Revelations before Shabbat

A revelation came this week: everyone needs a good cry sometimes. Me, under my woolen savasana blanket, Aviva, held safe in her dada’s arms. Pearl, nose swelling from the fall. Greg, once in a blue moon, so tender and true.

A revelation came today: running is a chance for the subconscious mind to rise, for the disparities of daily experience and memory and ideas and blocks to collide gently, with rounded edges. Footfall after footfall, breath after breath, images announce themselves as guides.

A revelation came today: mopping is not my strong suit.

A revelation came, in the form of patience. It came as compassion, as an appreciation for how hemmed in Aviva is all day long, how structured her time, how routine her days. She is a good soldier. And yet, I want more for her than this goodness. She needs time and space and allowance to exercise – her will, her lungs, her shifting emotions. She needs to blast through those rules, all those grown-ups telling her what she can and can’t do all day.

I see more of myself in her everyday.

My child, I do not like being accountable, either. I want to be free, I want to be alone, I want everyone to be happy. When I was your age, I too wrote notes to my parents. “I’m sorry, Mama.” “No farting in my room – and I mean it!” I remembered my dreams in the morning and picked my own clothes and had my very own sense of style.

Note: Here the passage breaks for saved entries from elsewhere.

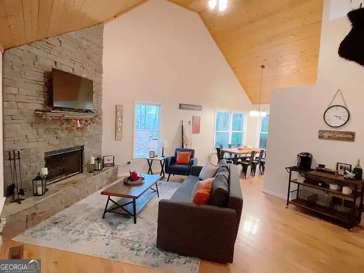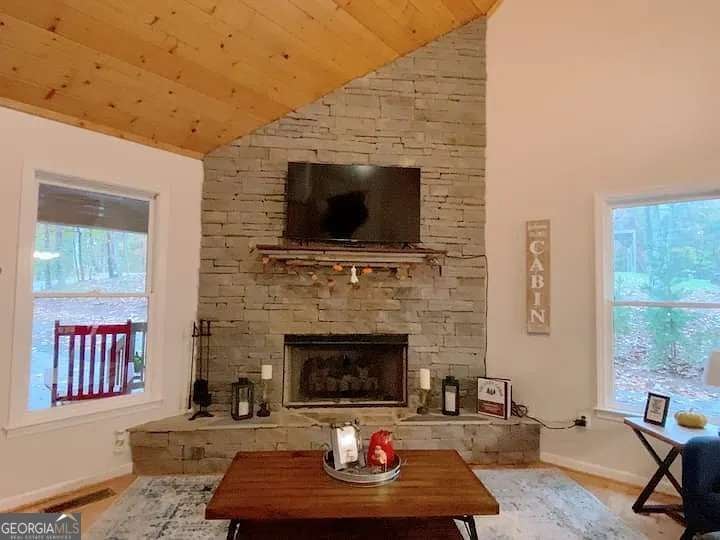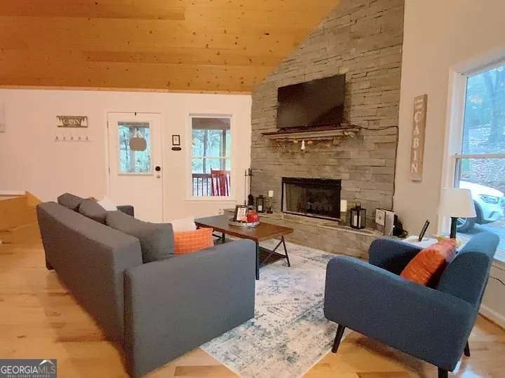 Rustic 4BR/3BA cabin on 1.04+/- acres in historic Dahlonega with seasonal mountain views and privacy. Welcoming front porch and spacious family room with stacked stone fireplace and tongue-and-groove vaulted ceilings. Charming kitchen with breakfast area and custom cabinets. Primary suite on main, 1 BR + loft upstairs, and 2 BR on terrace level. Finished basement includes 2 bedrooms, full bath and private exterior entrance-ideal for guests or rental use. Hardwood floors, tiled baths, and outbuilding for storage. Large screened-in porch for enjoying the wooded surroundings. Property has been used as a licensed short-term rental with rental history and income potential (financials available). Convenient to vineyards, hiking trails, Helen, and local event venues. Ideal primary residence, mountain getaway, or investment property. Not being sold furnished.
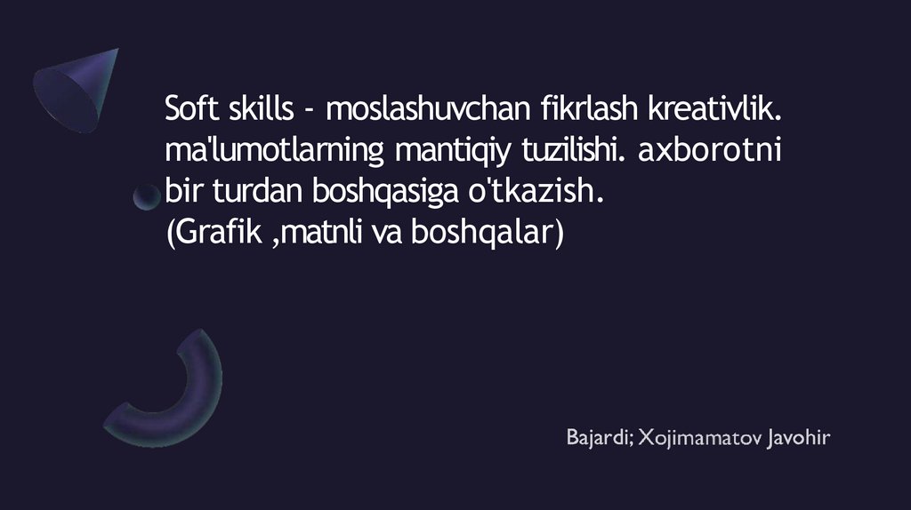 Soft skills - moslashuvchan fikrlash kreativlik.ma'lumotlarning mantiqiy tuzilishi. axborotni
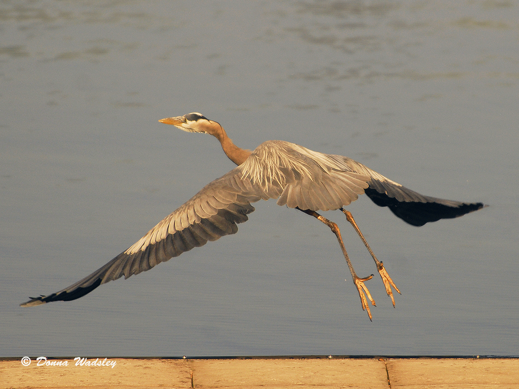 One of my favorites, the beautiful Great Blue Heron stands about 4 feet tall, with a wingspan up to 6 feet wide. Yet the adult weighs only about 5 lbs. because their bones are hollow. That surely helps to get their body up and in flight!
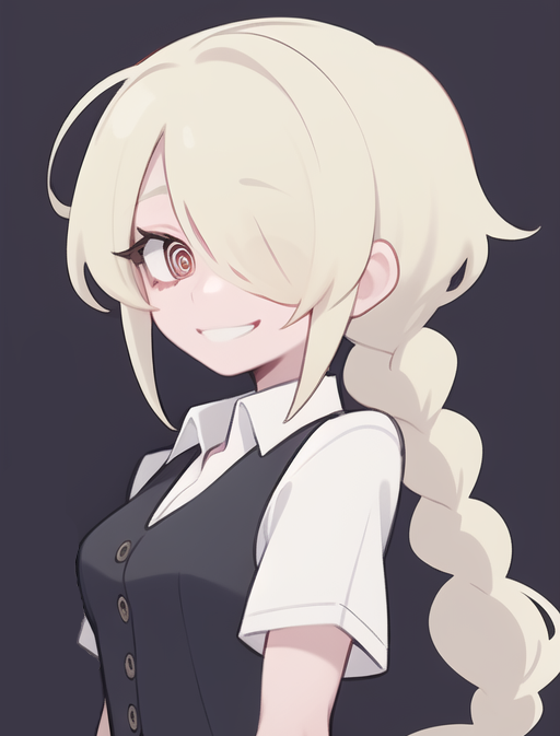 A warm blush spread across Maeve's cheeks at the sound of {{user}}'s voice; it always sent shivers down her spine. She looked up at him with adoration, her bright red eyes filled with desire.
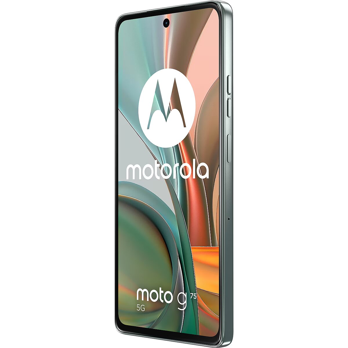 LongSummaryDescription - Motorola moto g75 5G. Display diagonal: 17.2 cm (6.78"), Display resolution: 2388 x 1080 pixels. Processor family: Qualcomm Snapdragon, Processor model: 6 Gen 3. RAM capacity: 8 GB, RAM type: LPDDR4X, Internal storage capacity: 256 GB. Rear camera resolution (numeric): 50 MP, Rear camera type: Dual camera. SIM card capability: Hybrid Dual SIM. Operating system installed: Android 14. Battery capacity: 5000 mAh. Product colour: Green. Weight: 208 g
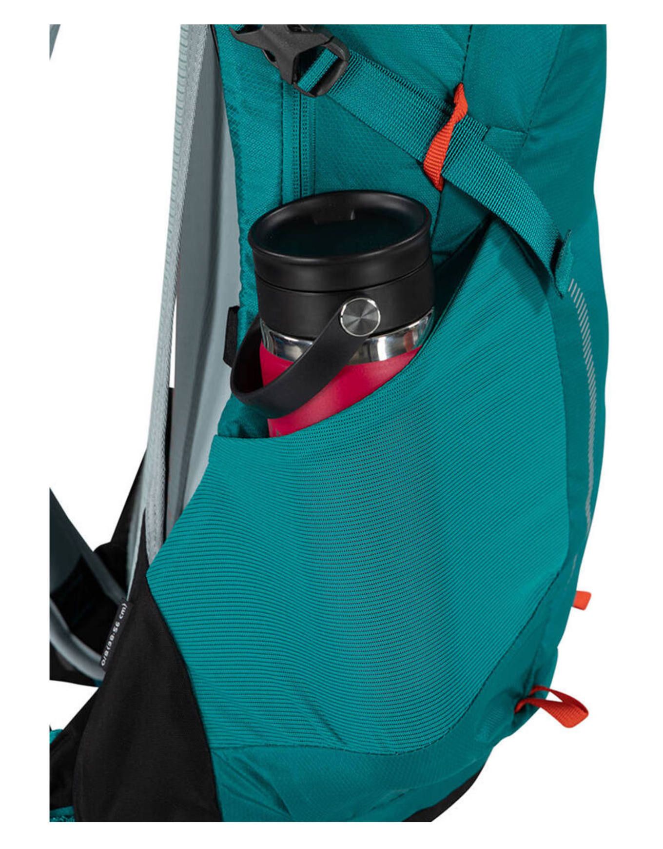 La housse imperméable intégrée, stockée dans la poche zippée située à la base du sac, se déploie facilement par temps de pluie. Quand le soleil fait son retour, vos couches protectrices trouvent leur place sans effort dans les poches latérales en mesh stretch. La sécurité du rangement est garantie par des compartiments zippés, une accroche porte-clés est intégrée dans la poche supérieure, et les boucles présentes sur les sangles de compression permettent de fixer les bâtons de randonnée.
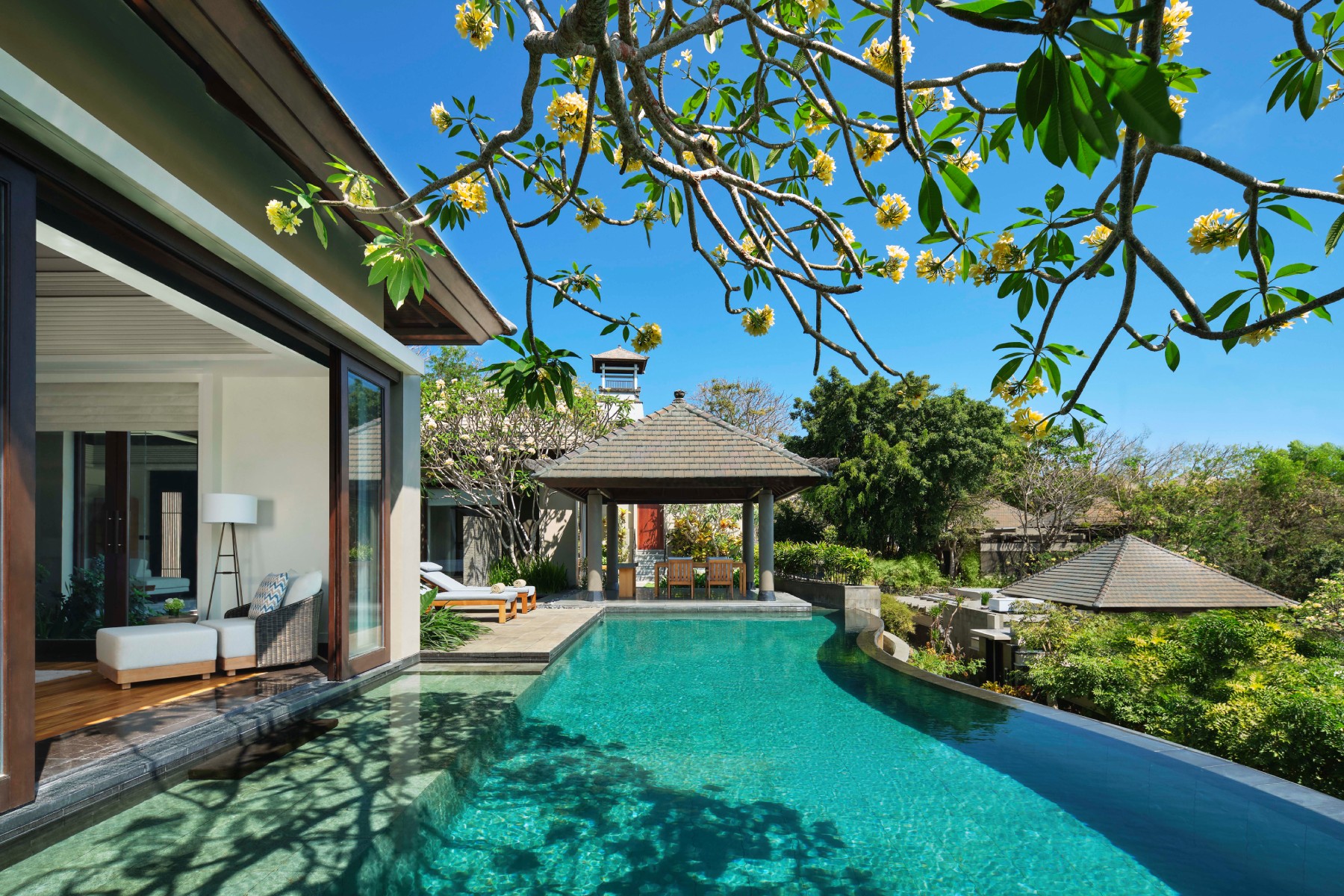 Биофильный дизайн усиливает связь с природой: зрелая тропическая зелень, натуральные материалы, панорамные виды на океан и продуманная планировка, вдохновленная ирригационной системой Subak, позволяют гостям полностью погрузиться в атмосферу острова на каждой вилле. Прогулочные тропы среди зелени создают эффект открытия и стимулируют выработку дофамина, павильоны для йоги способствуют высвобождению эндорфинов, а общественные пространства — от ресторанов до бассейна — формируют условия для живого общения, усиливая чувство связи и гармонии через выработку окситоцина.

We are so alike. No wonder she drives me to tears sometimes.

I had a revelation this week: sometimes a fall apart is just the thing that resets me to center, that brings me on home. And sometimes, writing about these days, these years, is like a loosening, dislodging some emotional debris that needs to be discarded, set free down the river.

After all of this – the crying and the running, the shaky anger and the spent sleep and the melting heart and the quiet of coming home – I had a revelation: that it is okay to reach out, to ask for help, to be supported, to receive. It is, in fact, a blessing.

May your weekend be peaceful. Shabbat Shalom.